Francine Laugier - Terre, terre


L’entraide

Une pie s’est mise à voler si haut que me suis demandé si c’était pour un rayon d’or. Le soleil si généreux éclairait la colline. Mes yeux éblouis voyaient se dérouler un tapis rouge. L’illusion s’arrêta vite, quand devant mes pas tomba l’ombre des maussades nuages. La nature sait nous ramener à notre humble condition, et même si nous la sentons à portée de main, nous nous voyons mal, de colère, battre un nuage !


Un corps parfait est un corps dans lequel on est bien. Encore des heures sans cri, où l’on effeuille ses pensées, goût de rose, les pétales de blé crissent sous mes dents. Écrire me ravit. Manches retroussées, savoir jouer ensemble, tel est l’enjeu de la liberté. Et tout être est libre.


C’est une femme à visage d’ange, qui m’a démontré que j’avais tort de m’abandonner autant à la rumeur passée. Elle m’a aidée à dresser mon échine en ce temps où de gros nuages lourds barraient l’horizon. Ils enlevaient le rythme de la nuit et du jour. Plus rien n’ondulait. L’histoire comme suspendue, faisait froid dans le dos, comme ces soldats à qui l’on demande de prendre un air terrible pour effrayer l’ennemi.


À la porte de ta sagesse je me suis assise en tailleur. C’est ainsi que j’ai compris tes images pleines de force, de recettes pour saisir la vie, et avancer vers un futur qui nous appartient. Ensemble nous voyons l’aurore, la rosée déposée embellit notre expérience de mille dons sauvages, droits, sculptés à même le roc de tes bras. Tes outils, sont ceux d’une avant-garde technique. Tu œuvres, comme d’autres détruisent, avec du courage au cœur.


La terre s’est tue. Les humains se taisent en ayant un semblant de quotidien, moi j’essaie de garder ma plume. Un fort mistral parle aux plus humbles.
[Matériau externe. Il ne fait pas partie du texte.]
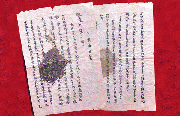 ▲烈士張志年留下的帶血的入黨申請書。 于烜浩攝
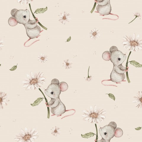 Questo design presenta un motivo senza cuciture con topolini e margherite.
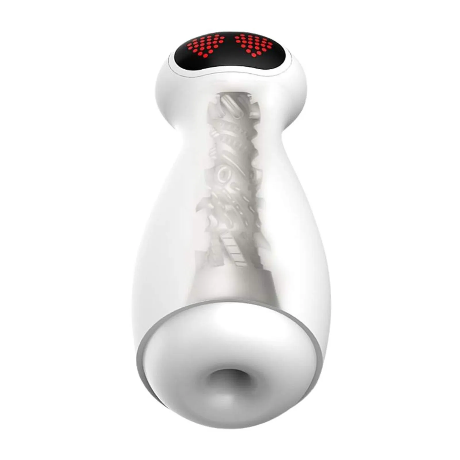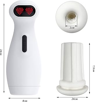 É um masturbador masculino automático em formato de lanterna Robô, com 10 modos de vibração, 3 modos de sucção, com viva voz.
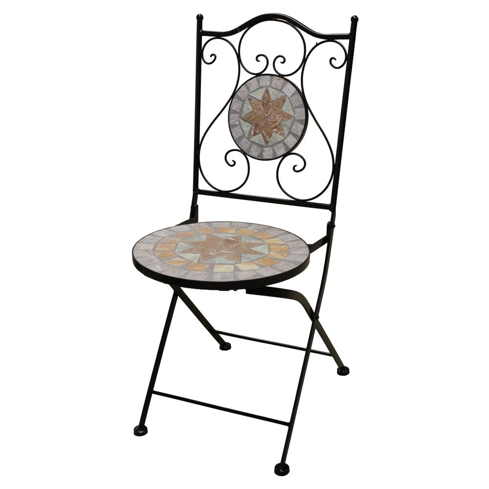 Po vlerësoni:Karrige me palosje Mosaic, metal / qeramikë, strukture e zeze, mozaik i bardhe/bezhe, 38x46xH90 cm
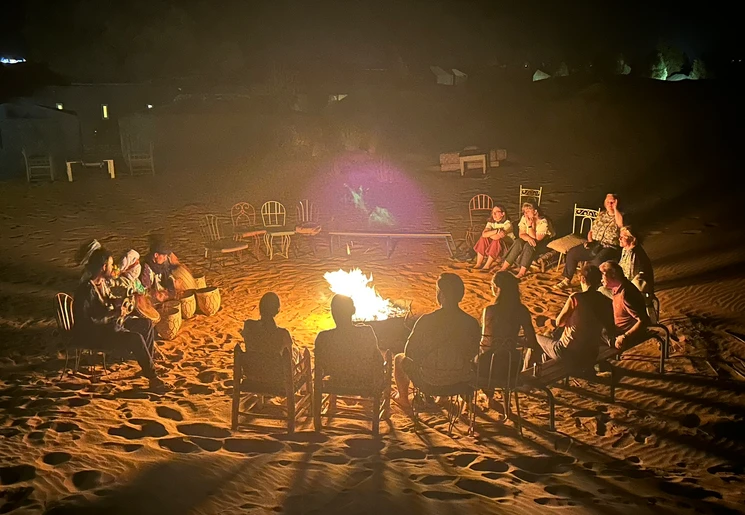 Na het aanmelden bij het hotel word je geregistreerd en hoor je hoe laat de tocht start. Jeeps brengen de deelnemers naar het beginpunt van de dromedaristocht. De gidsen staan met hun dieren op je te wachten. Je stapt op de rug van jouw dier en gaat op pad. Onderweg stop je om te genieten van de zonsondergang. Na het tochtje door de zandduinen rijd je naar het tentenkamp. In de centrale tent wordt kip of vegetarische tajine geserveerd. ’s Avonds is er lokale muziek bij het kampvuur. Deze excursie is samen met andere reizigers.
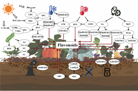 而类黄酮的合成,并不是随心所欲的。它们背后有一群精密的“调控大师”,包括转录因子、miRNA以及植物激素等。其中,MYB转录因子就像是总指挥,它们通过与DNA上的特定区域结合,精准地开启或关闭类黄酮合成基因的大门。而miRNA这些小分子RNA,则像是秘密特工,悄悄潜入细胞,通过剪切或抑制mRNA来微妙地调控类黄酮的合成量。此外,植物激素也根据环境的变化,灵活调整类黄酮的合成,确保植物在最佳状态下应对各种挑战。
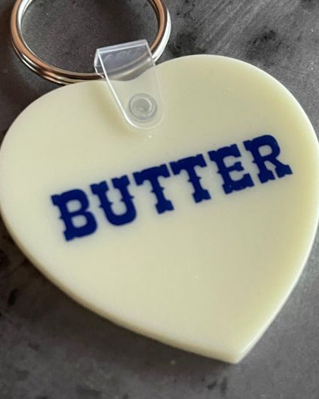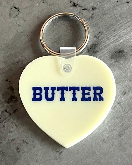 show your love for butter with this soft vinyl heart keychain. keychain comes in butter yellow and has a fun, western-inspired font.
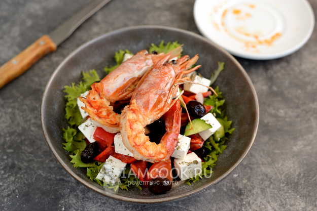 Вкусный, ароматный и полезный греческий салат с креветками готов к подаче.
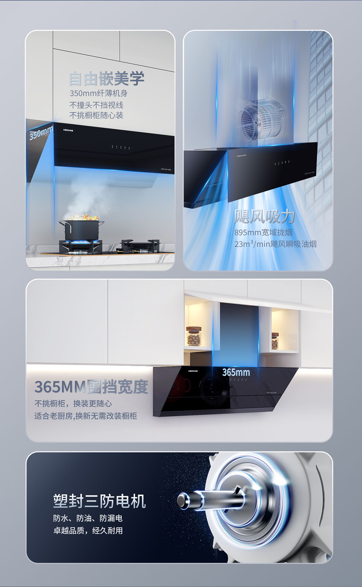 • 23m³/min颶風(fēng)吸力,瞬吸油煙,打造無煙廚房
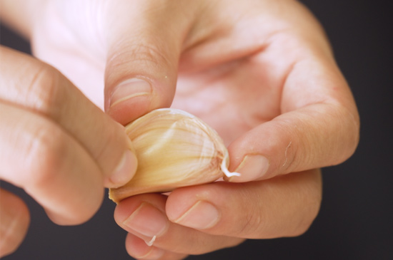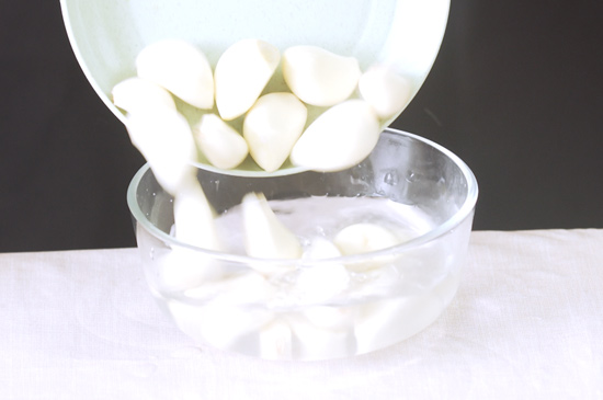 2、盆内倒入水,加盐搅拌均匀后,放入大蒜浸泡2天。
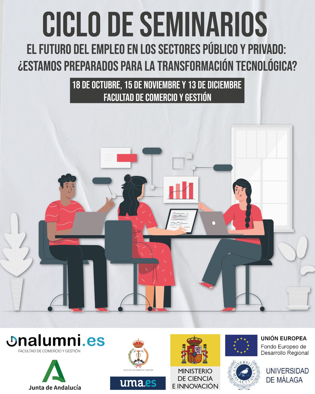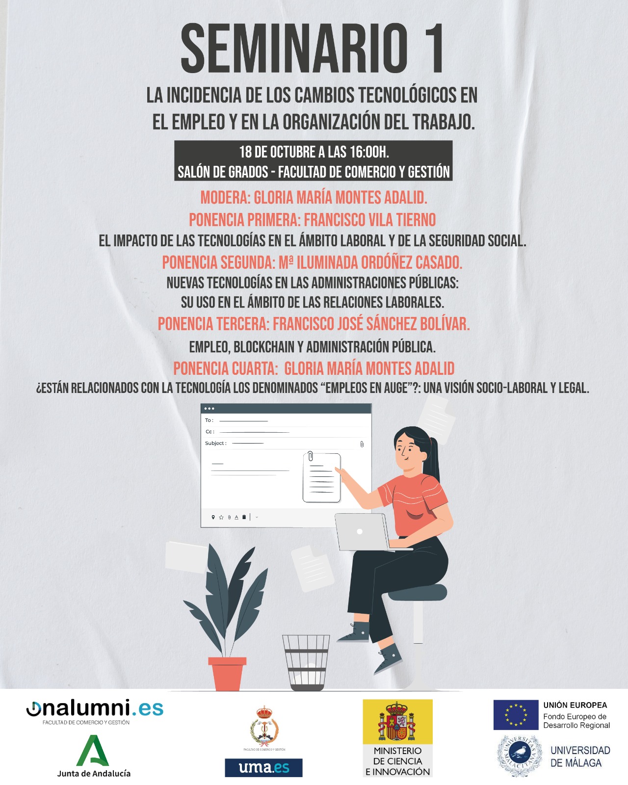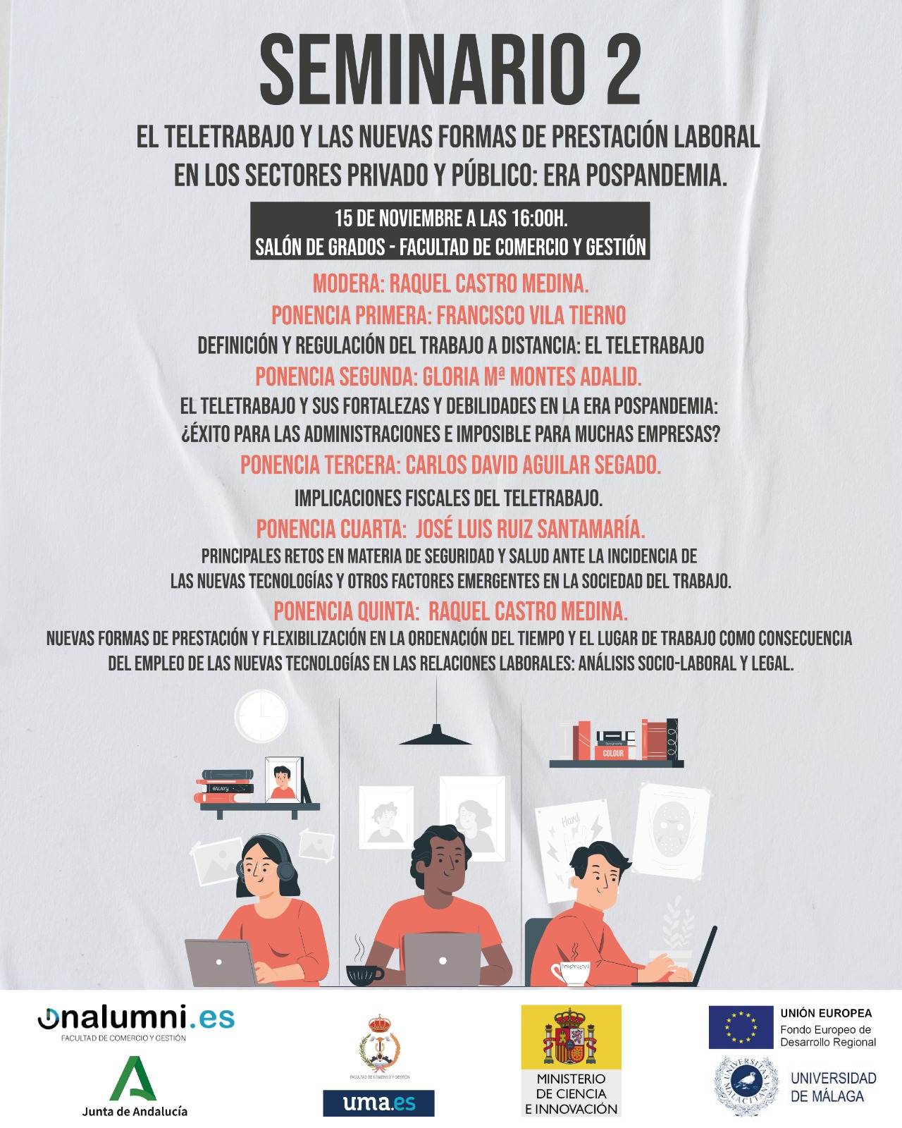 Los dos seminarios se desarrollarán de manera presencial en el Salón de Grados de la Facultad de Comercio y Gestión de la Universidad de Málaga en el horario que se indica en el programa.
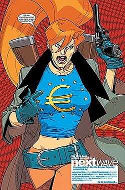She suffers constant abuses by her teammembers, like being confronted by Tabitha Smith about her European origins and accent (referred even in the Nextwave Theme Song as her main characteristic), and constantly ogled by Aaron Stack, attracted by her large chest.[14][15]
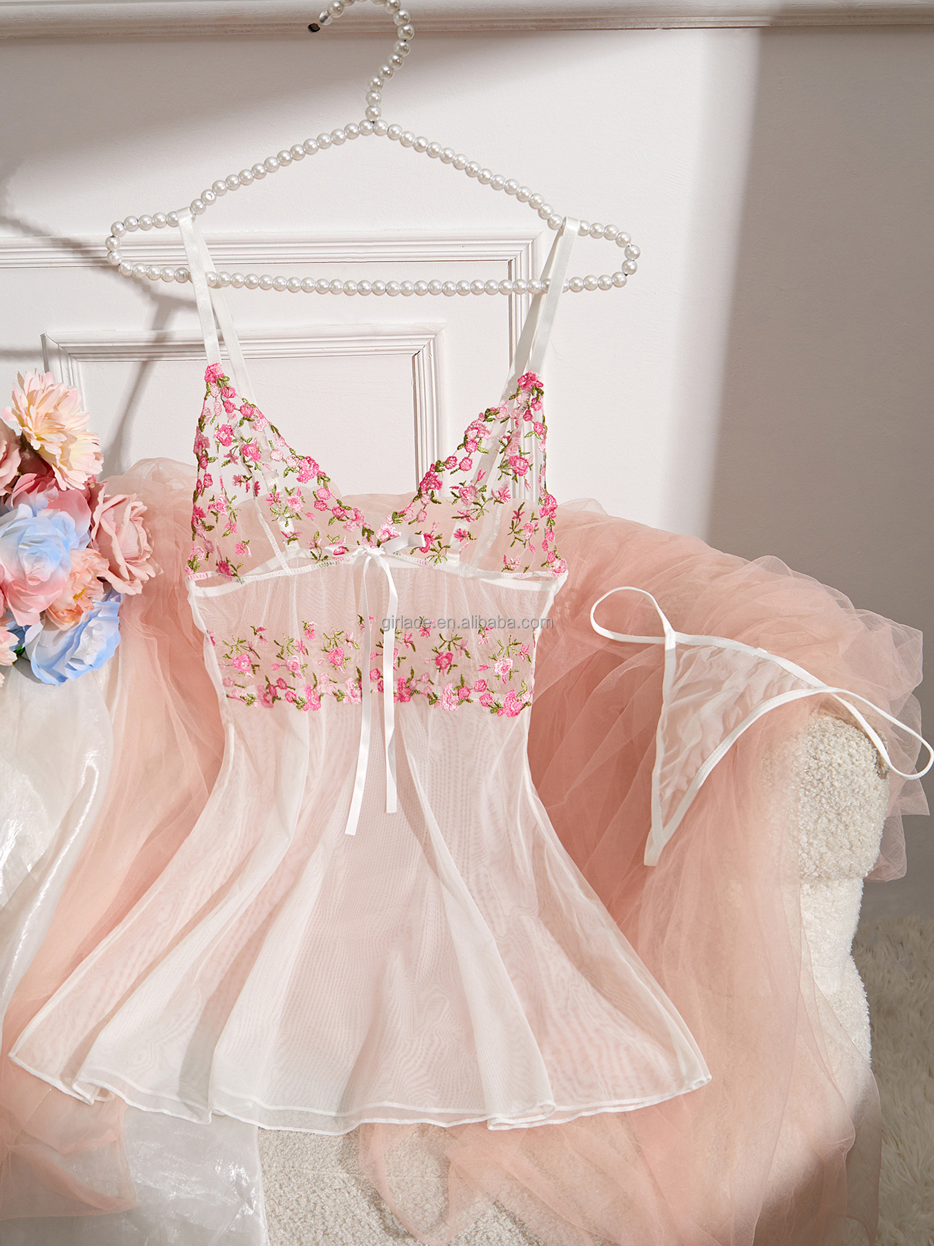 Floral See Through Sexy Slip Dress Mesh Cute Girls Sexy Nightwear Sleep Nightdress Lingerie Dress Set
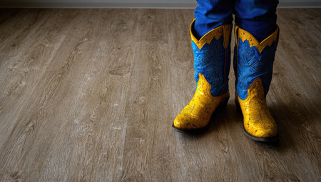 A person's legs are shown wearing colorful cowboy boots on a wooden floor.
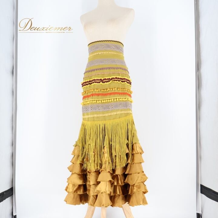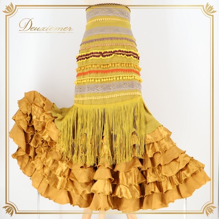 #フラメンコ #ファルダ #スカート #衣装 #ダンス #フラメンコ衣装 #エプロン #黄土色 #お洒落 #パフォーマンス #背面ファスナー #トルソー #サイズS #華やか #女性用 #ファッション #コスチューム #イベント #舞台 #ENUTSU

Il leur parle de cette terre aride qu’il balaie, de la garrigue qui retrouve ses senteurs, de cette dame qui attend sa chance de communier. Habitée par le vent, elle lance son appel à qui saura capturer ce bonheur, là, tout près de chacun, qui murmure à chaque oreille, qui montre à chaque œil. La terre garde son souffle. S’est éloignée, la terreur de la guerre, le bonheur peut se partager, le blé se récolter à nouveau sous le soleil.


Bonds et rebonds des rayons de soleil sur les branches. Je jure que pour moi c’est un renouveau. Oui, le soleil saute de branche en branche. Les arbres souples plient avec nonchalance, les habits dansent sur l’étendage, encore quelques petits frissons pour ceux qui, comme moi, ont affronté l’hiver ; nous mangeons du bœuf, pour nous redonner des forces. Je ne suis pas comme certains qui veulent se perdre dans le labyrinthe sans fin de la vengeance personnelle.


Je suis la « vieille-jeune », je passe du courage viril à la féminité la plus exacerbée. Parfois tous les enfants du monde sont les miens, parfois je me retrouve la simple compagne de mon homme. À part lui, personne ne peut comprendre ce dilemme. Aucune amie ne comble ce vertige. J’aime leur force de survie qui me les rendent agréables, aussi, fortes dans les premiers temps de leur maternité. Moi qui n’ait pas d’enfant, j’ai eu une petite chatte et des chats qui m’ont fait comprendre ce que c’est que d’avoir un petit enfant. Aussi je ne trouve rien de plus beau qu’une jeune maman avec son nourrisson.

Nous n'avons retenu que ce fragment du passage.